Requirement:
Pictures aside, print all of the data below exactly as written.

Material provided:
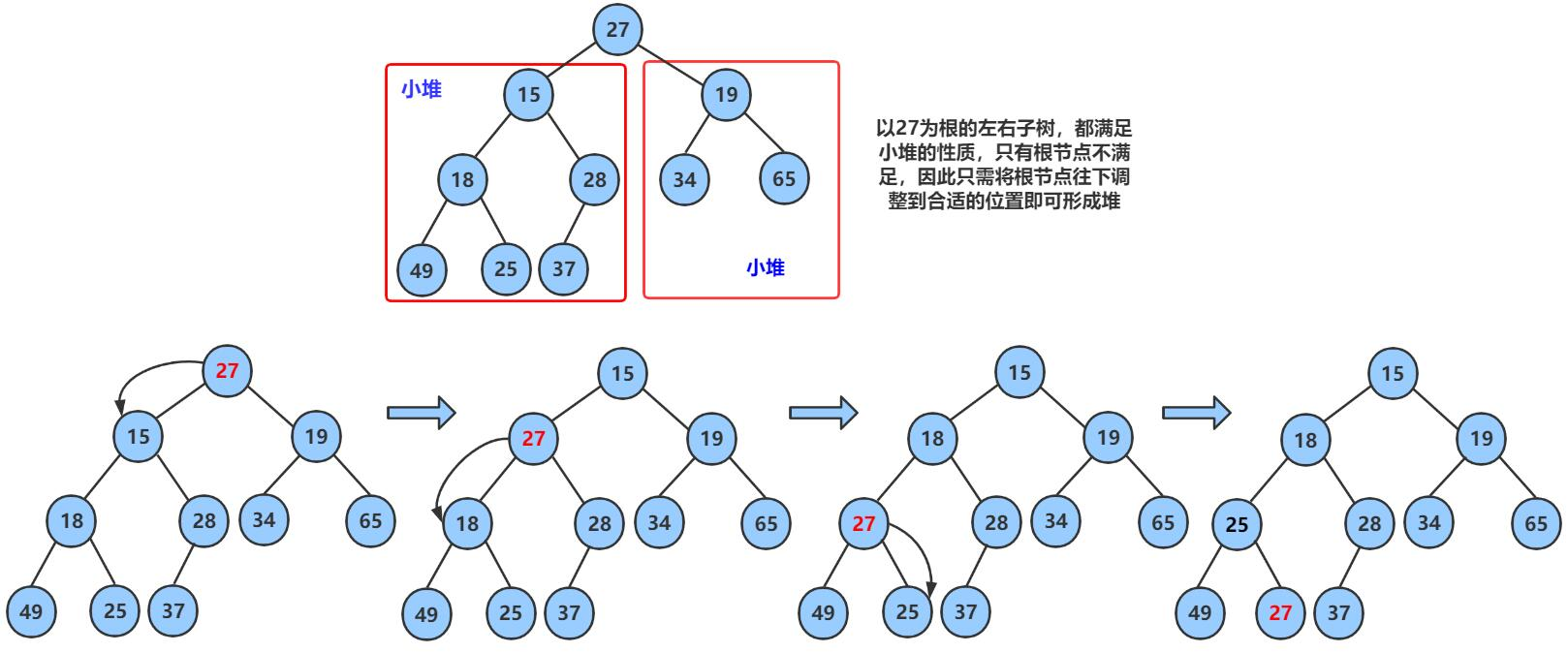一个数组,逻辑上看做一颗完全二叉树。我们通过从根节点开始的向下调整算法可以把它调整 成一个小堆。向下调整算法有一个前提:左右子树必须是一个堆,才能调整。
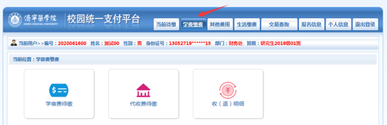 登录后,点击“学费缴费”中的“学宿费待缴”,系统会显示当前登陆用户的欠费项目及明细,选择需要缴费的项目后点击下方“下一步”图标,按步骤缴费即可。
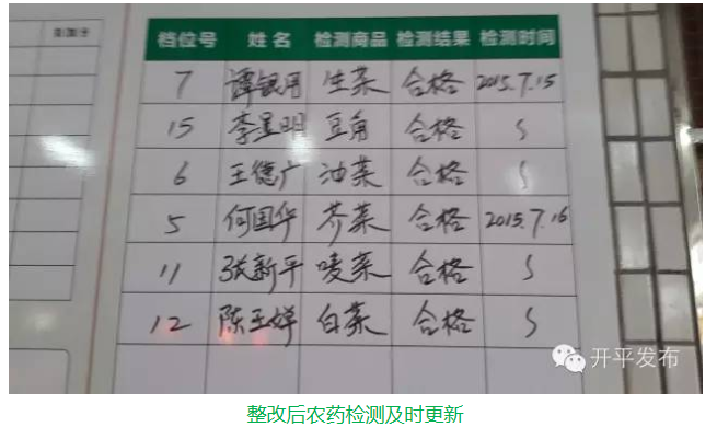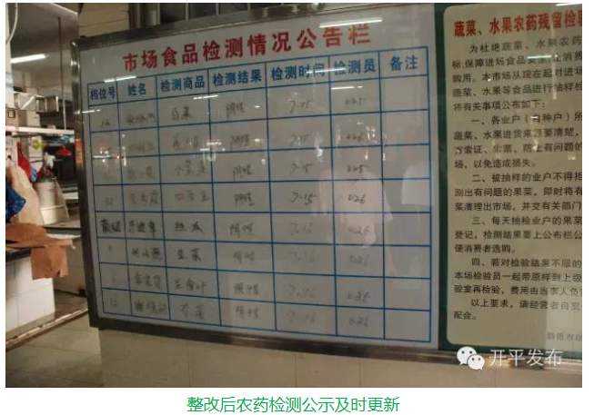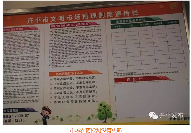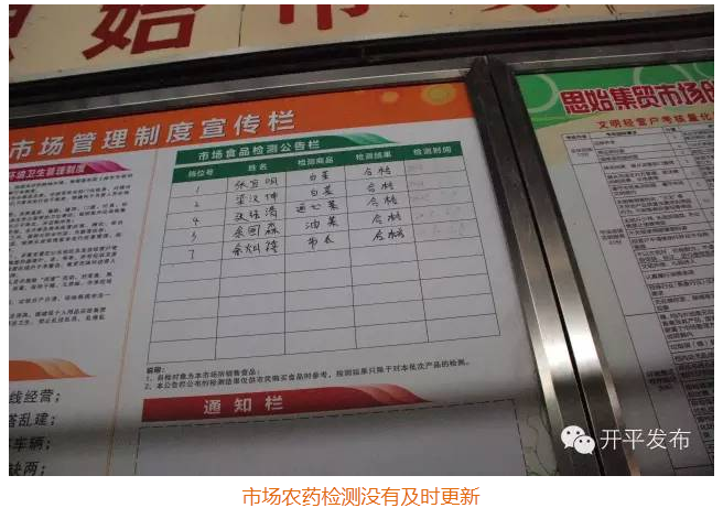 3、没有健康宣传栏,卫生、健康宣传不足。市场农药检测公示没有更新。

Result for this exercise:
一个数组,逻辑上看做一颗完全二叉树。我们通过从根节点开始的向下调整算法可以把它调整 成一个小堆。向下调整算法有一个前提:左右子树必须是一个堆,才能调整。
 登录后,点击“学费缴费”中的“学宿费待缴”,系统会显示当前登陆用户的欠费项目及明细,选择需要缴费的项目后点击下方“下一步”图标,按步骤缴费即可。
 3、没有健康宣传栏,卫生、健康宣传不足。市场农药检测公示没有更新。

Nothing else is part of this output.